# Pioneer Properties Rip Off



## debhayneswahm (Aug 4, 2017)

I wanted to give everyone a heads up on a company Pioneer Properties out of Delaware. They are a third party company for AIM, MSI, National Field Network and a host of other companies. We did some occupancy inspections for them in June and July and have not been paid. They keep promising payment and have a lot of excuses. They owe is a little over $1,500 and we are now getting ready to take them to small claims. 

I spoke to and emailed someone at AIM, MSI and National to let them know that Pioneer wasn't paying, and guess what they must not have cared because they are still giving them work. 

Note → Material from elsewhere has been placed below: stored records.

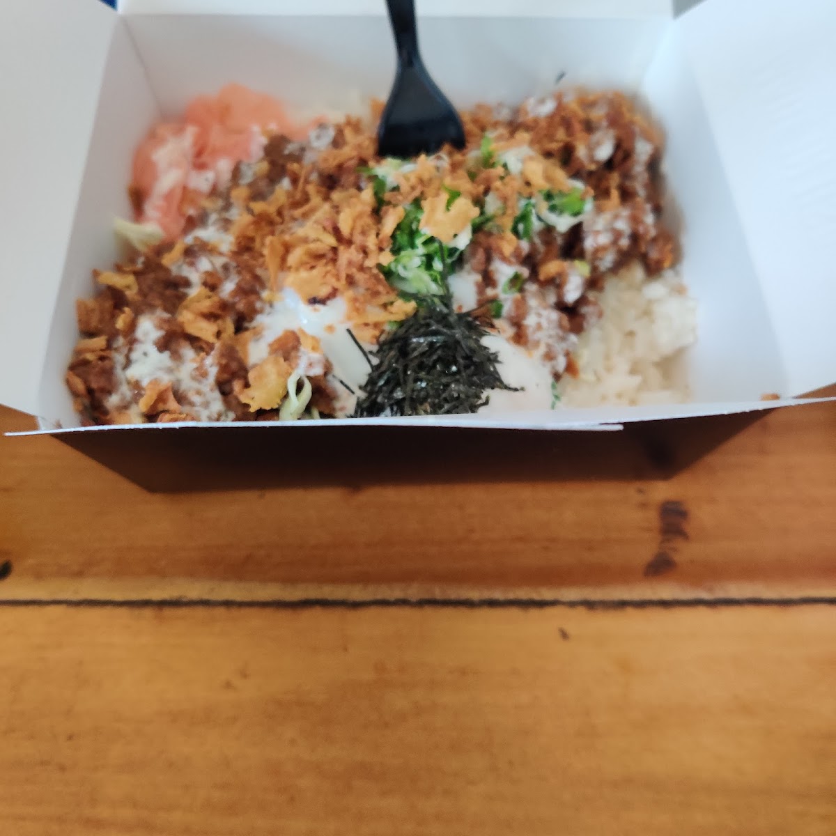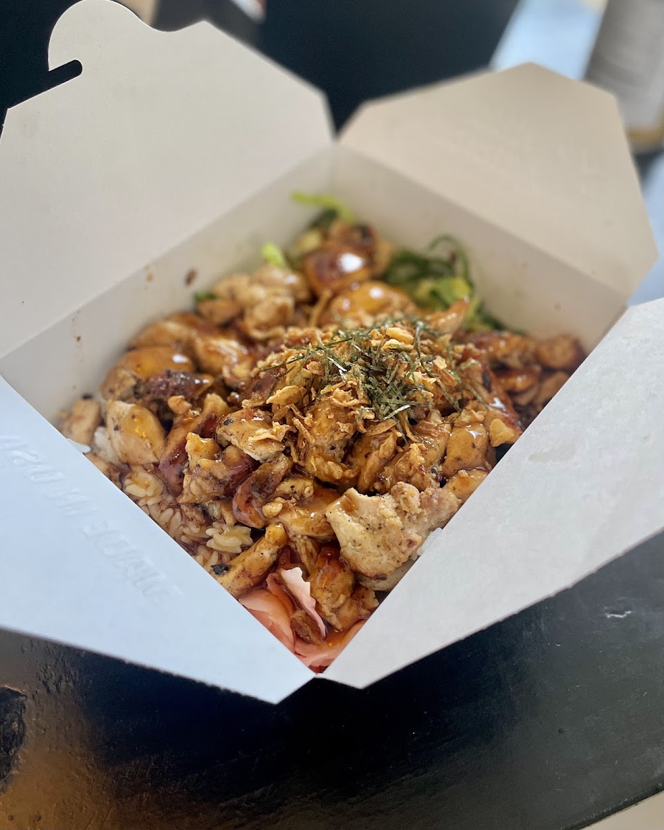 With over 500 very positive reviews, I doubt I have much to add. Don Japanese Kitchen is an eclectic, small restaurant that fills quickly. The staff are really friendly, always so nice. Don serves Japanese cuisine offering chicken & seafood dishes, plus sashimi & rice bowls. We ordered Don Chicken, Nan Ban (giant popcorn chicken), N.Y. Strip, and Torch Salmon. All orders were served in a to-go box on a bed of steamed sticky rice with cabbage and pickled ginger. Our party ordered a side of Don Fries, waffle cut fries topped with Don’s house-made teriyaki sauce and spicy mayo. The quality is consistently very good and bottled water is free. Highly recommend.
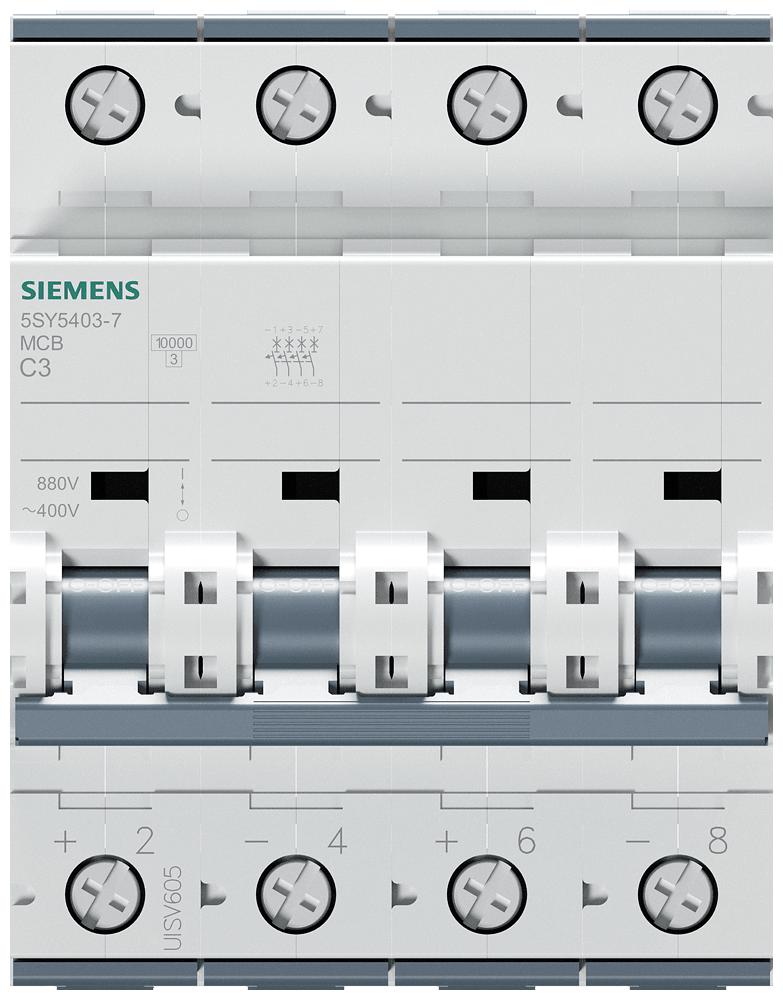 SIEMENS - Interruttore magnetotermico corrente universale DC 880 V AC 400 V 10 kA, a 4 poli, C, 3 A 5SY54037
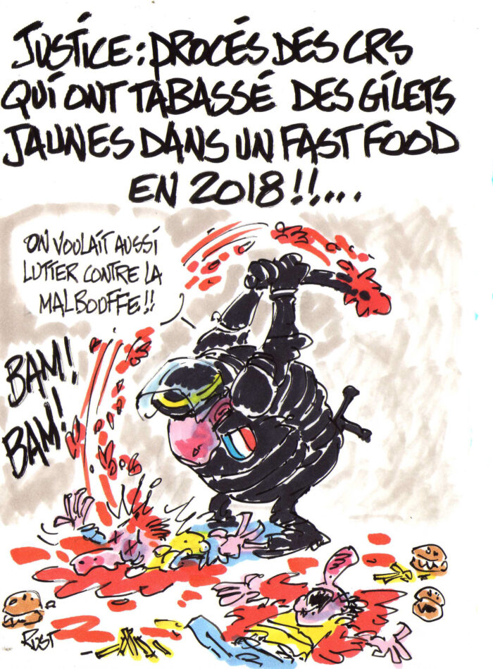 Dessinateur, RUST a rejoint depuis plus de quatre ans le pôle communication de la Filpac. Très prolifique lorsqu’il s’agit d’illustrer l’activité de nos filières et de caricaturer les patrons de nos entreprises, il trouve encore le temps (et l’inspiration !) pour « croquer l’actualité » au fil de son humeur, qu’il a généralement… « mauvaise »… Regard vif, crocs acérés, esprit frondeur et anticonformiste, RUST possède toutes les armes du parfait prédateur de la connerie humaine et de ses pires représentants. Régulièrement, la Filpac vous fera profiter, dans cette page, des meilleurs dessins de sa production hebdomadaire. On aime tous bien les dessins de Rust. Certains d’entre nous, peut-être un peu trop, au point de les reprendre et de les utiliser à tort et à travers. En accord avec l’auteur, la Filpac a donc décidé de limiter l’accès à l’ensemble de ses dessins. Si vous désirez consulter la page des archives de Rust sur ce site envoyez votre demande au secrétariat de la Filpac pour obtenir le mot de passe d’accès à la page des archives Rustiennes. Merci de votre compréhension.
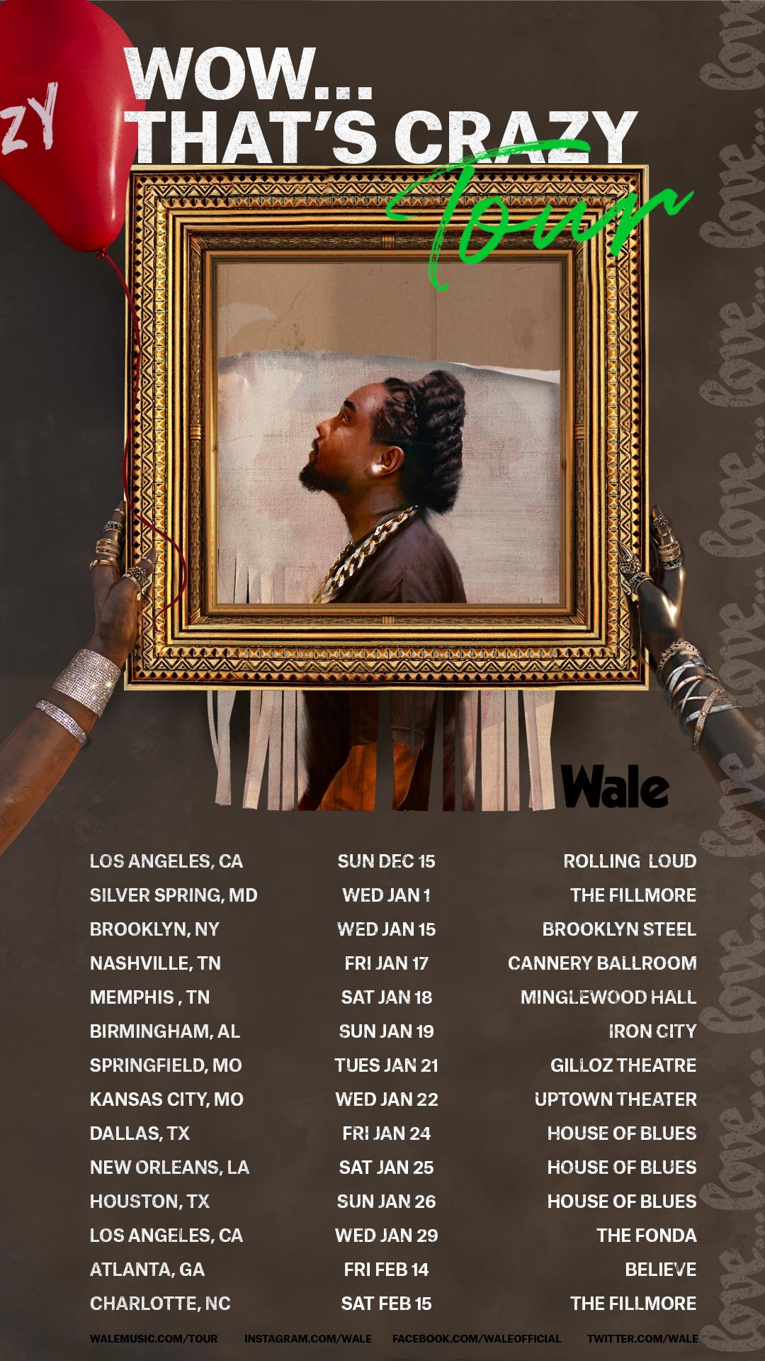 November 18, 2019 JUKEBOXDC Staff Events Wale Announces ‘Wow… That’s Crazy Tour’ Beginning in L.A. December 15th but really kicking off during Wale’s annual New Year’s Day concert in Silver Spring. Dates are below. View this post on Instagram Back by popular demand… we’ve decided to get back on the road and come play my new album. #WowThatsCrazyTour 2020 on sale now. Link in bio. A post shared by Wale (@wale) on Nov 15, 2019 at 11:02am PST Share this: Click to share on X (Opens in new window) X Click to share on Facebook (Opens in new window) Facebook More Click to print (Opens in new window) Print Click to email a link to a friend (Opens in new window) Email Click to share on Reddit (Opens in new window) Reddit Related WillThaRapper - "Homicide" (Video) Take A Daytrip Feat. Rico Nasty, slowthai & ICECOLDBISHOP - "Lighthouse" Leave a Reply Cancel replyYou must be logged in to post a comment. This site uses Akismet to reduce spam. Learn how your comment data is processed.

We have thought about getting a lawyer to go after the bigger companies because they are using a company that they know is not paying their contractors. Has anyone tried something like this? 

Debbie Haynes
TDH Services, llc


----------



## PropPresPro (Apr 12, 2012)

debhayneswahm said:


> I wanted to give everyone a heads up on a company Pioneer Properties out of Delaware. They are a third party company for AIM, MSI, National Field Network and a host of other companies. We did some occupancy inspections for them in June and July and have not been paid. They keep promising payment and have a lot of excuses. They owe is a little over $1,500 and we are now getting ready to take them to small claims.
> 
> I spoke to and emailed someone at AIM, MSI and National to let them know that Pioneer wasn't paying, and guess what they must not have cared because they are still giving them work.
> 
> ...


Nope. My only concern is the company I'm directly contracting with - Could care less about their clients payment habits, QC BS, etc. I expect my clients to honor our contract regardless of what their clients do. And just in case, there are always ways to remedy whatever problems may arise between me & my clients :devil.


----------



## northeast1 (Aug 7, 2016)

You have 6 months to place a lien on the properties. Mechanics lien This will get the main players attention and get you paid
Its inexpensive and you can do it yourself. It will send a clear message to mortgage company whoever it is 
Beware 3rd party contracts. only recourse is the lien Had the same situation with a company that subbed from wells fargo,
Took a little time but i was paid..


----------



## Craigslist Hack (Jun 14, 2012)

northeast1 said:


> You have 6 months to place a lien on the properties. Mechanics lien This will get the main players attention and get you paid
> Its inexpensive and you can do it yourself. It will send a clear message to mortgage company whoever it is
> Beware 3rd party contracts. only recourse is the lien Had the same situation with a company that subbed from wells fargo,
> Took a little time but i was paid..


This is usually an attention getter.


----------



## PropPresPro (Apr 12, 2012)

Craigslist Hack said:


> This is usually an attention getter.


Funny how liens make the phone ring. . .


----------



## debhayneswahm (Aug 4, 2017)

Can you do this even if the home is occupied?


----------



## Craigslist Hack (Jun 14, 2012)

debhayneswahm said:


> Can you do this even if the home is occupied?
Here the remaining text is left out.